Wed, 04/20/2022 - 12:38

I had a realization, of sorts, swimming in the warm water off Puerto Rico last week — about sea turtles. True confession: The business about large sea creatures eating balloons and chunks of plastic garbage had always struck me as overwrought. There are a number of infamous photographs of dead albatrosses you can find online in which their entire bodies are filled with bottle caps and other trash, to me perhaps showing the hand of man in more ways than the obvious. Similarly with sea turtles, I wondered how they could mistake party balloons for food.

Like many year-rounders from the East End of the Island, I got away to Rincon in Puerto Rico and nearby Isabella. It was a boys’ surf trip for my son, Ellis, and my nephew Teddy, both 12. I was the chaperone and instructor. I was nervous at first, keeping close to the cousins, but as the week went by and their competence in the water improved, I could drift around on my own a bit.
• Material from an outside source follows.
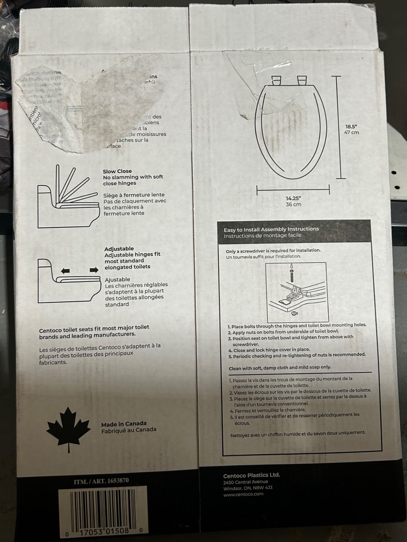 Centoco Elongated Toilet Seat with Adjustable Hinges and Antimicrobial Properties
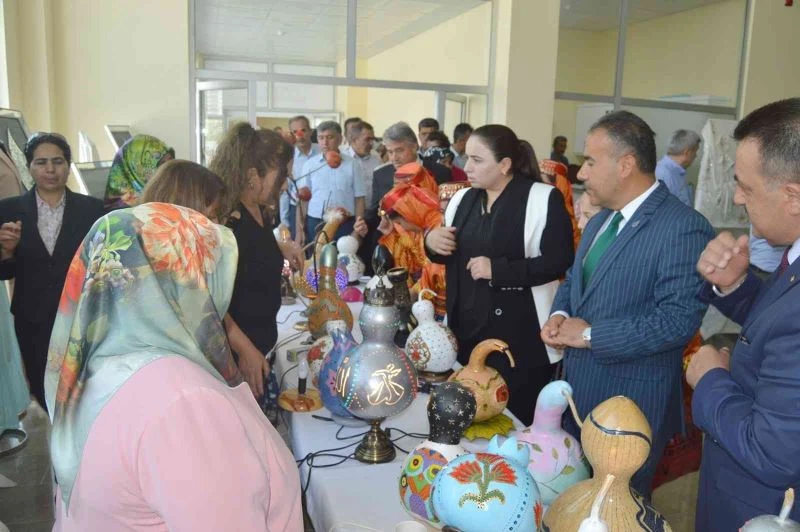 Konuşmaların ardından Besni Halk Eğitimi Merkezi bünyesinden açılan kurslarda yapılan el emeği göz nuru ürünler sergilendi.

Toward the end of the trip, the boys surfed while I put on a mask and dived on a sandbar. Sea turtles from about the size of a dinner plate to garbage can lid were cruising the surf line on the bar. Occasionally, I was able to anticipate where they would pass and get a good look. They appeared to be indifferent to me and to the surfers overhead. But what were they doing there in particular, I wondered.

What it seemed was that seaweed accumulated where the waves broke on the bar. There were windrows of it loosely coursing over the sand bottom; these I took to be an easy meal, in shallow water, protected from who knows what that might hunt offshore. But the thing was, there were pieces of all sorts of human debris mixed in with the seaweed. Plastic bags, candy wrappers, and what seemed to be part of a diaper. In the tumbling whitewater a turtle could easily end up with inedible junk in its mouth. Research supports my observation — the more plastic in a turtle’s gut, the greater the probability of premature death from causes other than being struck by a boat, for example.

There, looking around in the shallows, I saw for myself just how it could happen. We live in a world swimming in plastic, garbage that can end up a sea turtle’s dinner.